(TASK BRIEF): The required output is the stretch from the line containing "総丈:約98.5cm ウエスト:約36.5cm ウエスト最長:約45cm" through the line containing "6年生が開催してくれた堀南フ" in the records below, unaltered and with no pictures.

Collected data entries
=== Section Start ===

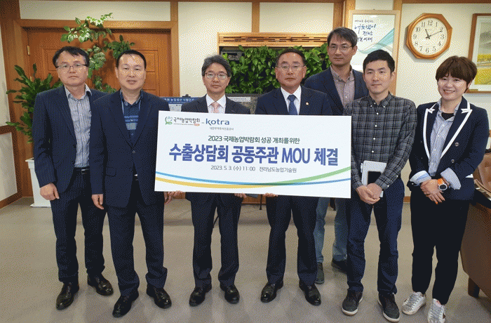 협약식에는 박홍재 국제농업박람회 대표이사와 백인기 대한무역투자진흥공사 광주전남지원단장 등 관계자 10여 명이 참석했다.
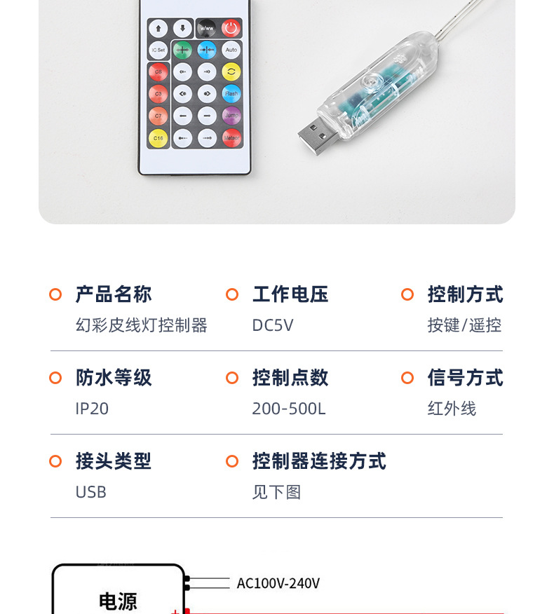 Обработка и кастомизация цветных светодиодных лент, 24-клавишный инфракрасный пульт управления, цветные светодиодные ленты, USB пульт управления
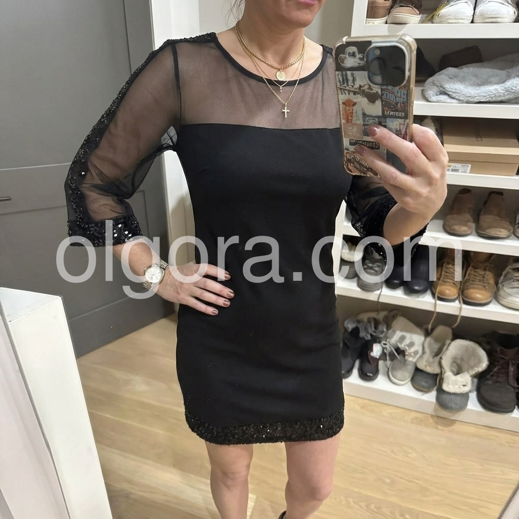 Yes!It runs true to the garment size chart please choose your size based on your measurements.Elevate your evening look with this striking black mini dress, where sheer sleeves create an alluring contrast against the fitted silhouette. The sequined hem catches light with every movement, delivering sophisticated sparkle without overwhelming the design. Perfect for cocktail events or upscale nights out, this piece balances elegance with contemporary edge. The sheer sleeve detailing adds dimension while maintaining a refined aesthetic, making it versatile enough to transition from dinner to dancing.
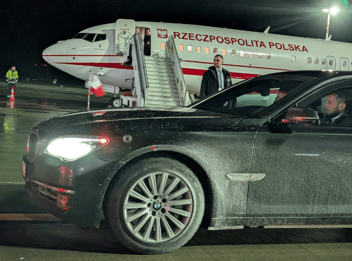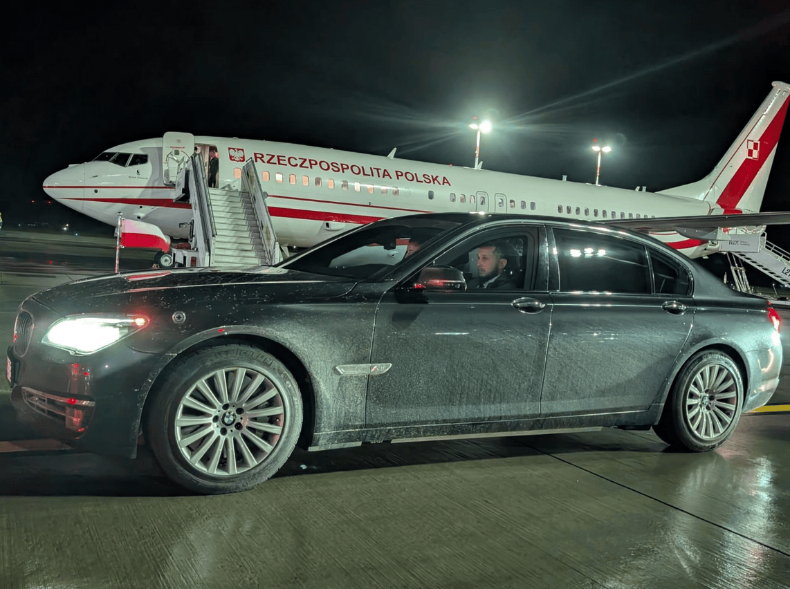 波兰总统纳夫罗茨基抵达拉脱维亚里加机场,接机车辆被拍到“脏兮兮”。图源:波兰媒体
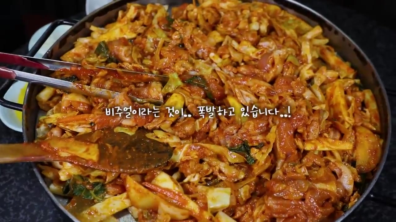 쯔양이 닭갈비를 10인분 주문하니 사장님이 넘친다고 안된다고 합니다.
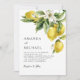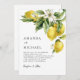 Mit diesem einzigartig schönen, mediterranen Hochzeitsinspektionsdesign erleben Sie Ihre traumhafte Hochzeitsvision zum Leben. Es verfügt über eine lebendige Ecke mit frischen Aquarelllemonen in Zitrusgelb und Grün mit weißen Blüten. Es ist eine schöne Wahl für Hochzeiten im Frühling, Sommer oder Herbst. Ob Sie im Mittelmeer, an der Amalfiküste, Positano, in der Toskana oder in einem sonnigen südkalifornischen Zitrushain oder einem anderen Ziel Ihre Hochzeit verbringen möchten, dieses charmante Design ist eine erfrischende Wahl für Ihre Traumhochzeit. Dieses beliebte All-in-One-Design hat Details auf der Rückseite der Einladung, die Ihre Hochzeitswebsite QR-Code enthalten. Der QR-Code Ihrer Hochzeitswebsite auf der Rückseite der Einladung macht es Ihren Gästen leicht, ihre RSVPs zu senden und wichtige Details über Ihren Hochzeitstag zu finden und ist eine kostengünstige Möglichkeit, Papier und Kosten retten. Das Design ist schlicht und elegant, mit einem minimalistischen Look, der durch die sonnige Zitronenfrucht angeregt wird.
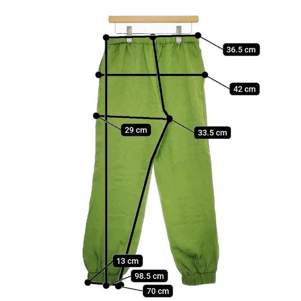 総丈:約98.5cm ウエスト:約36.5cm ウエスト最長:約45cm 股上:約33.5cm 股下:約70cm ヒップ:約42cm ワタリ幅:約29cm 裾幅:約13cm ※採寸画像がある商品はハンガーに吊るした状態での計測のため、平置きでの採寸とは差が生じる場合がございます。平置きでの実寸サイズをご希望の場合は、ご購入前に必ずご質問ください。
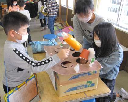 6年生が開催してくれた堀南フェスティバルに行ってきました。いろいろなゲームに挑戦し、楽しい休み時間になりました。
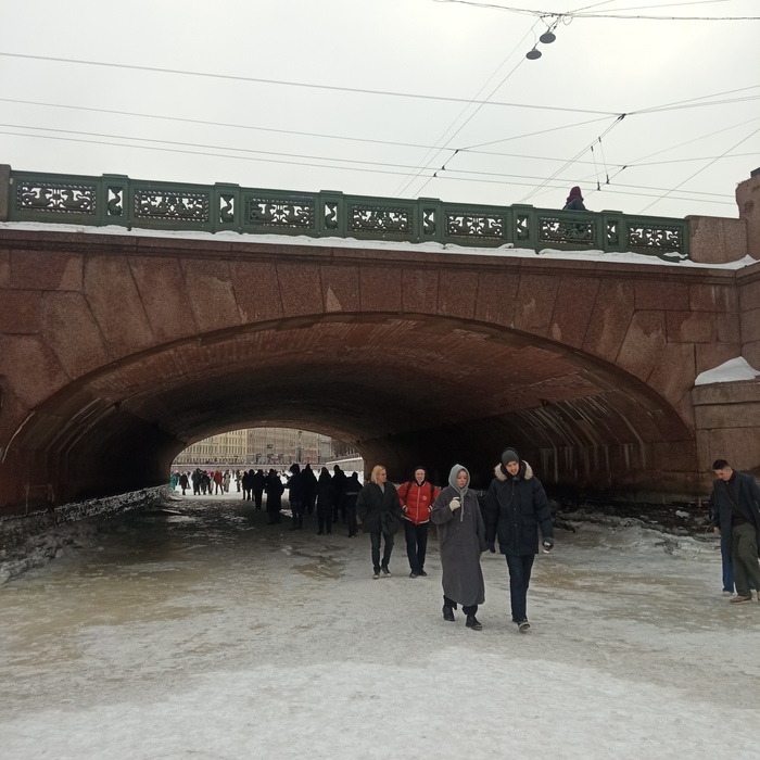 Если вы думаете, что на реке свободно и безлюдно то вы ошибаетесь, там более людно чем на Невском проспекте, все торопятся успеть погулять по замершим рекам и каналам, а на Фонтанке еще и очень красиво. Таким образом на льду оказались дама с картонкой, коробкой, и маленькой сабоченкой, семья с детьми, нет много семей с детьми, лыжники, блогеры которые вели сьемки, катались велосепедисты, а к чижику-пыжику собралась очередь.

=== Section End ===

(OUTPUT OF THE EXERCISE):
 総丈:約98.5cm ウエスト:約36.5cm ウエスト最長:約45cm 股上:約33.5cm 股下:約70cm ヒップ:約42cm ワタリ幅:約29cm 裾幅:約13cm ※採寸画像がある商品はハンガーに吊るした状態での計測のため、平置きでの採寸とは差が生じる場合がございます。平置きでの実寸サイズをご希望の場合は、ご購入前に必ずご質問ください。
 6年生が開催してくれた堀南フェスティバルに行ってきました。いろいろなゲームに挑戦し、楽しい休み時間になりました。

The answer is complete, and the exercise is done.